Ce qui m’a le plus marqué, c’est Ørkenen, cette lande de dunes de sable mouvantes qui recouvre la moitié orientale de l’île — le plus grand paysage désertique de ce genre en Europe du Nord, paraît-il, même si rien dans cette marche n’avait l’air de sortir tout droit d’un guide touristique. Des siècles de surpâturage ont dépouillé la végétation qui poussait autrefois là, et il ne reste que cette étrange étendue silencieuse de sable pâle et d’herbes basses, qui ne ressemble en rien au Danemark et ressemble à tout autre chose.
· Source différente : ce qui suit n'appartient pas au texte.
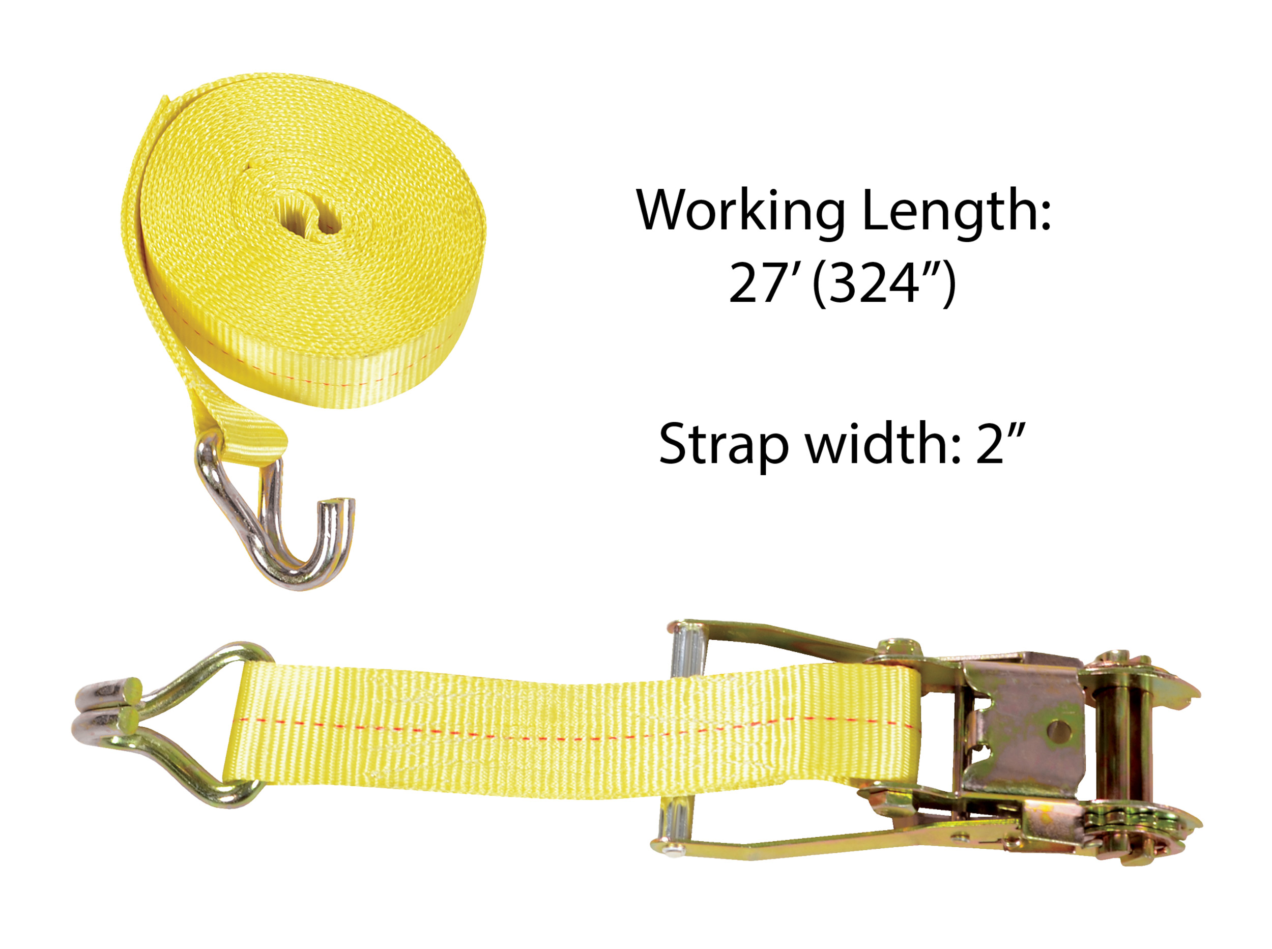 Polyester Ratcheting Cargo Strap with Rod Hook 27 Ft. Working Length 3,325 Lb. Working Load Yellow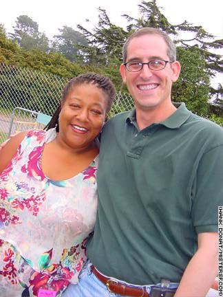 Pine Sol lady Diane Amos with Cow Hollow resident Jeff Halpern.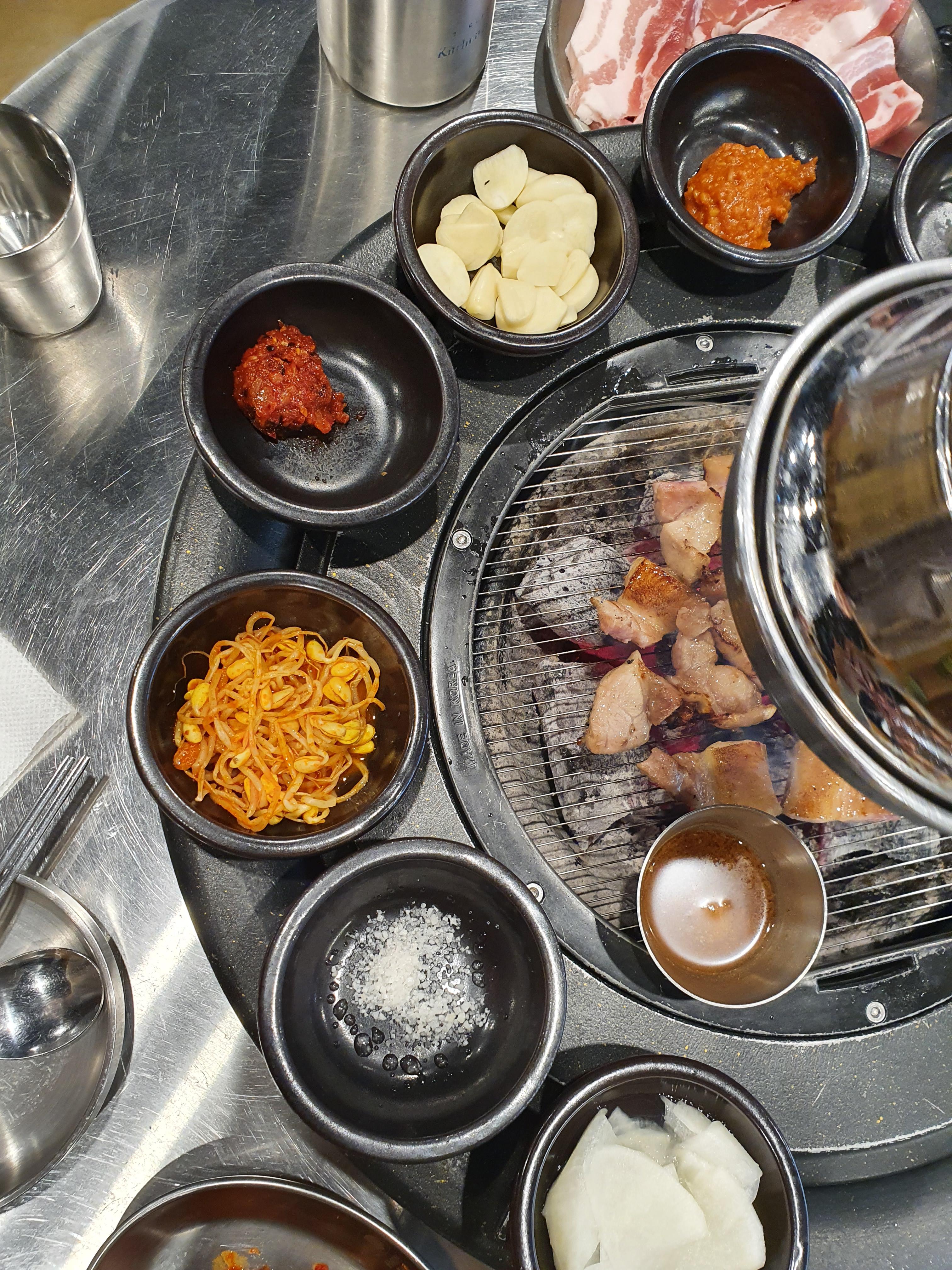 불판 주변으로 쌈장, 마늘 등이 놓이는데,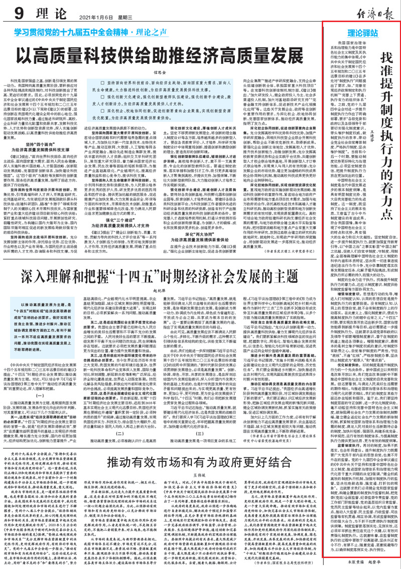2021年1月6日,经济日报第9版刊登我校王进芬教授理论文章《找准提升制度执行力的着力点》,文章指出,我国国家治理体系和治理能力是中国特色社会主义制度及其执行能力的集中体现。制度的生命力在于执行。当前,要推动制度优势更好转化为治理效能,必须把提升制度执行力放在更加突出的位置,着重从坚定制度自信、增强制度意识、优化制度供给、监督制度执行等方面协同发力。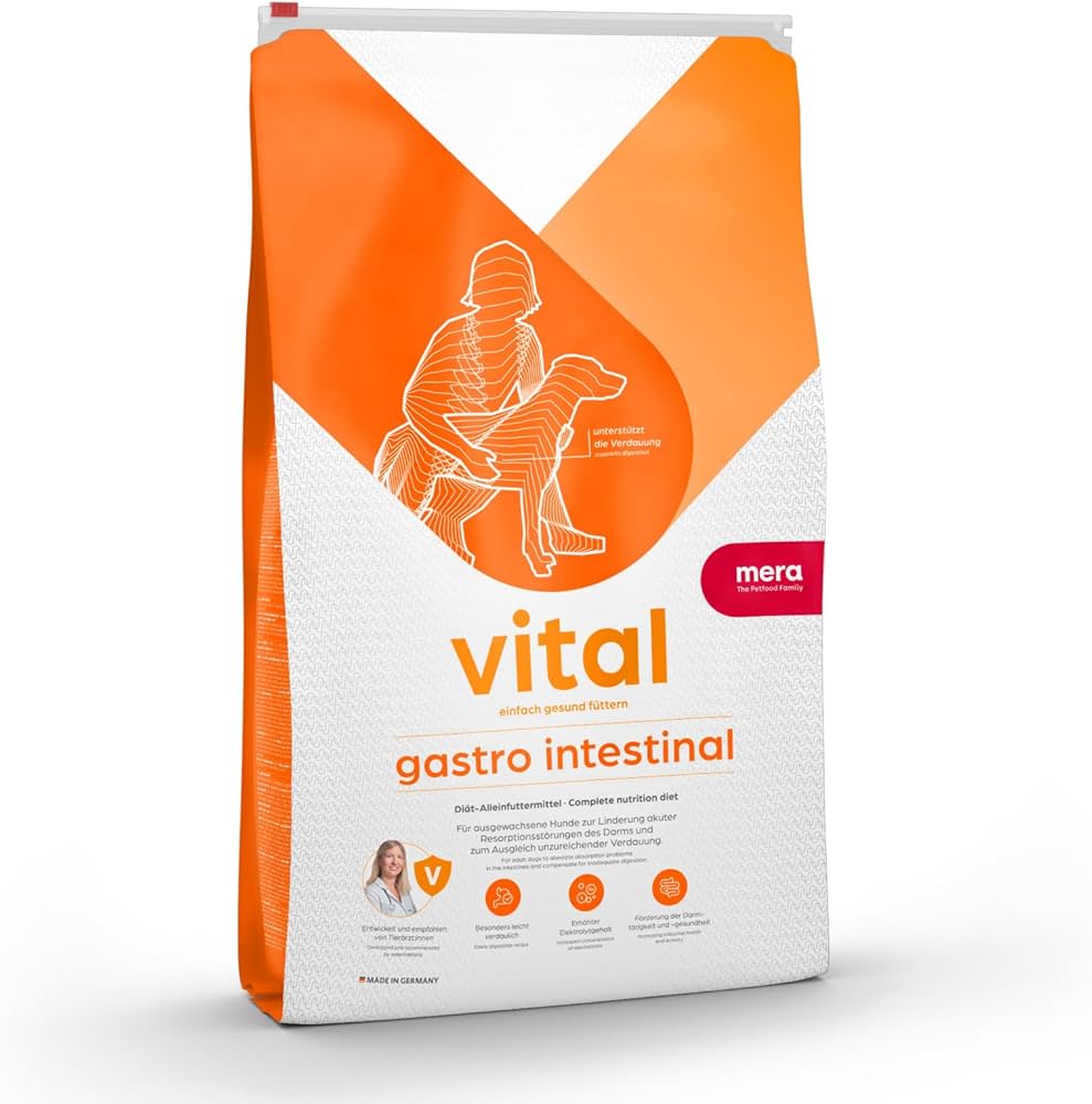 MERA Gastro Intestinal Dog Food – 3 KG is crafted to support dogs with digestive sensitivities and gastrointestinal issues. Made with easily digestible ingredients, it helps reduce digestive stress while promoting nutrient absorption and gut balance. The formula contains prebiotics, high-quality proteins, and selected carbohydrates to maintain intestinal health and overall vitality. Enriched with essential vitamins and minerals, it strengthens the immune system and supports long-term digestive wellness. Ideal for dogs with sensitive stomachs or dietary intolerances, MERA Gastro Intestinal provides gentle, effective nutrition for a happier, healthier life.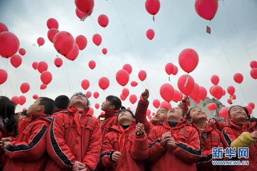 當(dāng)日是不少中小學(xué)寒假過后開學(xué)第一天,安徽省合肥市蜀山區(qū)蜀山小學(xué)千余名學(xué)生集體放飛寫有感恩話語的氣球。(新華社記者 郭晨攝)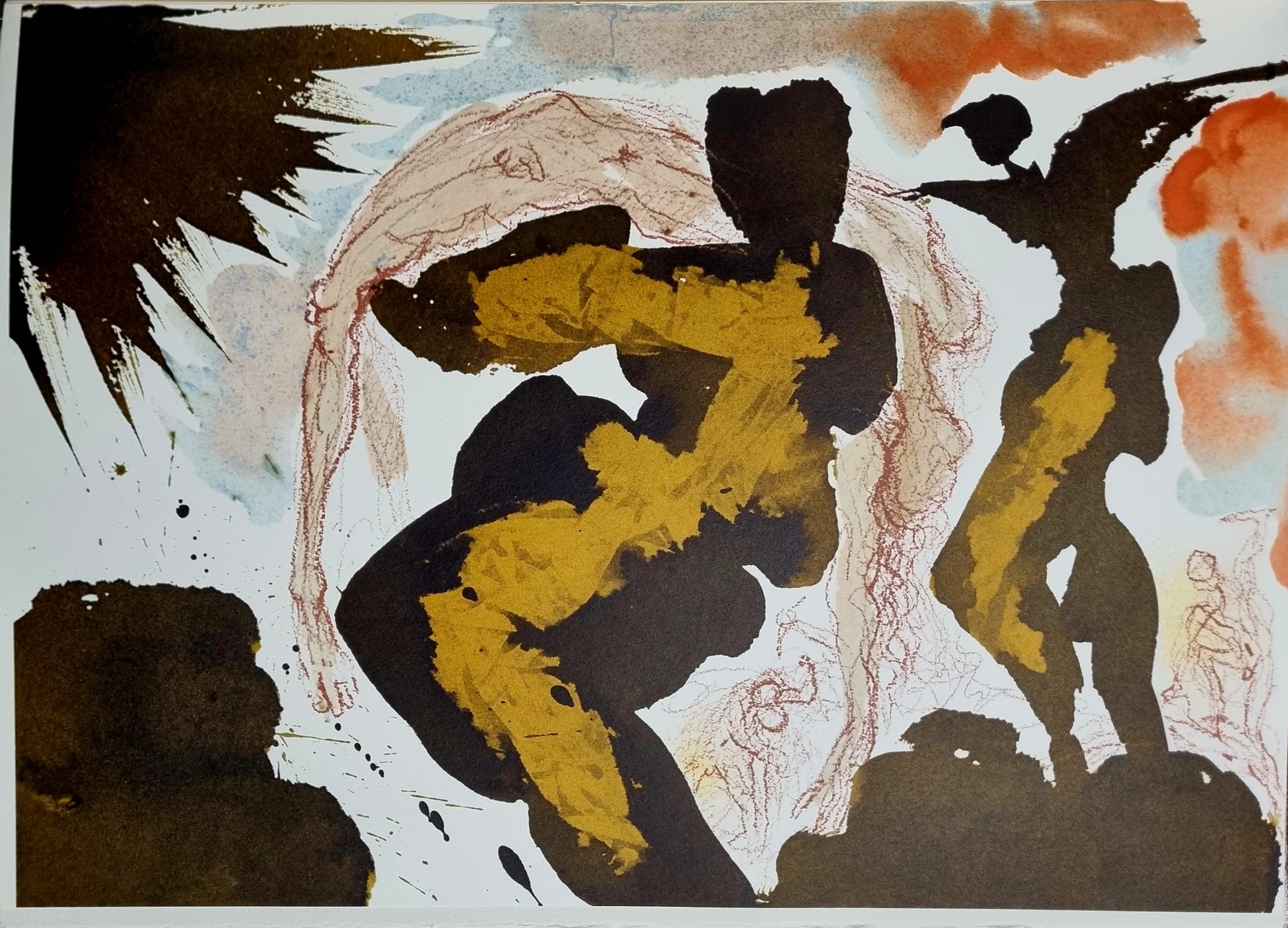 DALI' SALVADOR Spagna 1904 - 1989 "Biblia Sacra - Vulgatae Editionis" "Contigit autem et septem frates una cum sua apprehensos compelli a rege edere contra fas carnes porcinas" Serigrafia su cartoncino pesante cm 48,5x35. Pubblicata a pag. 328/bis del vol. II "Biblia Sacra - Vulgatae Editionis", Rizzoli Editore 1967, tiratura 145/1499.

Wind-rippled sand dunes of Ørkenen heath on Anholt island

Nous avons marché deux heures sans croiser âme qui vive, Lia devant moi sur les crêtes des dunes, et je n’arrêtais pas de penser combien il était étrange de se sentir aussi seuls dans un pays d’ordinaire aussi soigné et peuplé que le Danemark. Plus tard ce même jour, nous sommes montés près du phare — construit en 1788, l’un des plus anciens du pays — et j’ai mangé un sandwich assis sur un rocher pendant que Lia scrutait les hauts-fonds avec ses jumelles, car les eaux d’Anholt abritent l’une des plus grandes colonies de phoques gris du territoire danois, et elle en parlait depuis qu’on avait réservé le ferry.

Anholt's historic 1788 lighthouse standing against the Kattegat coastline

Nous avons fini par trouver les phoques, un groupe épars de silhouettes grises échouées sur un banc de sable au large, indifférents à notre présence comme le sont les animaux sauvages qui n’ont jamais eu vraiment de raison de craindre l’homme. Ce soir-là, nous avons mangé du poisson fumé à une table dehors, devant le seul vrai restaurant du port, et je me souviens avoir pensé qu’Anholt ne ressemblait pas tant à une destination qu’à une chambre de décompression — un lieu réduit au sable, à l’eau, aux phoques, et à presque personne d’autre.

Quand y aller : Juillet et août sont la période idéale, quand le temps est assez doux pour de longues marches à travers Ørkenen et que les chances d’apercevoir les colonies de phoques depuis le rivage sont les meilleures.